Earnings Event History for Specified Symbol#
Retrieve all earnings events recorded for a specific symbol within a time range.
This shows all historical earnings announcements for a company.
import onetick.py as otp
data = otp.DataSource(db='US_COMP_DAILY', tick_type='EVENT')
result = otp.run(data,
start=otp.dt(2026, 1, 1),
end=otp.dt(2026, 6, 12),
timezone='America/New_York',
symbols='CSCO')
result
| Time | EVENT_TYPE | EVENT_CONDITION | OMDSEQ | |
|---|---|---|---|---|
| 0 | 2026-02-11 16:05:00 | EARNING_DATE | 2 | |
| 1 | 2026-02-11 16:30:00 | COMPANY_CONFERENCE_CALL | 6 | |
| 2 | 2026-05-13 16:05:00 | EARNING_DATE | 4 | |
| 3 | 2026-05-13 16:30:00 | COMPANY_CONFERENCE_CALL | 11 |
Earnings Event History for all US Companies across a time range#
Retrieve all earnings events across every symbol in the database within a specified time range,
by merging across otp.Symbols, the equivalent of SQL’s SYMBOL_NAME LIKE '%'.

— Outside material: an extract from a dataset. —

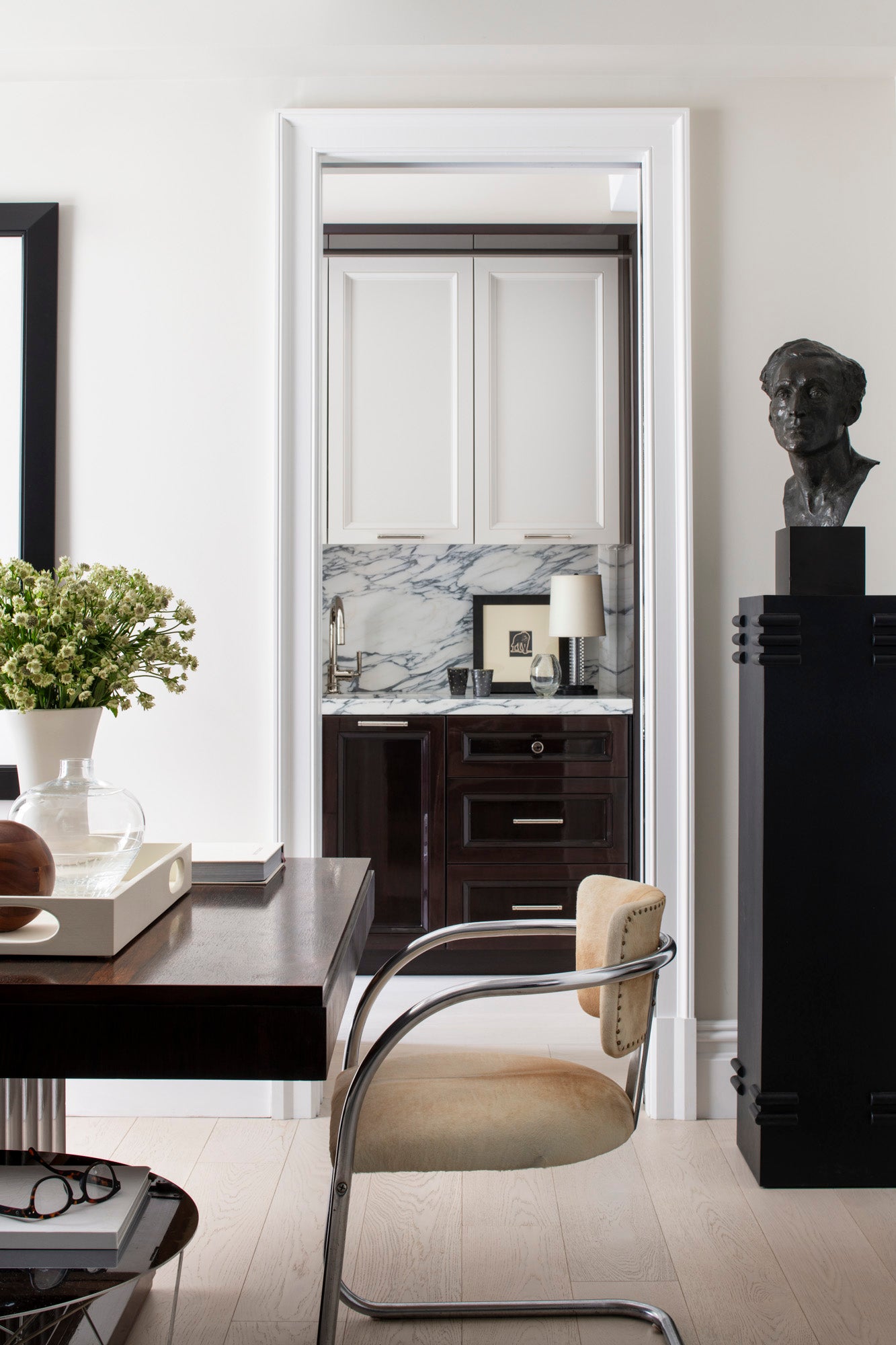 The kitchen - once cramped and an awkward scattering of old appliances, got an overhaul. I pictured this glossy sort of hotel room kitchen - something that functioned well, and looked just as great when not in use. I designed a mix of high gloss mahogany, reeded glass, and Collingwood painted cabinets, and topped them all with Arabescato marble slabs. Appliances were chosen to be clean and discrete.

This provides a comprehensive view of earnings announcements during a particular period.
identify_input_ts adds the SYMBOL_NAME of each tick to the output.
import onetick.py as otp
data = otp.DataSource(db='US_COMP_DAILY', tick_type='EVENT')
# Merge the events for every symbol in the database into a single stream.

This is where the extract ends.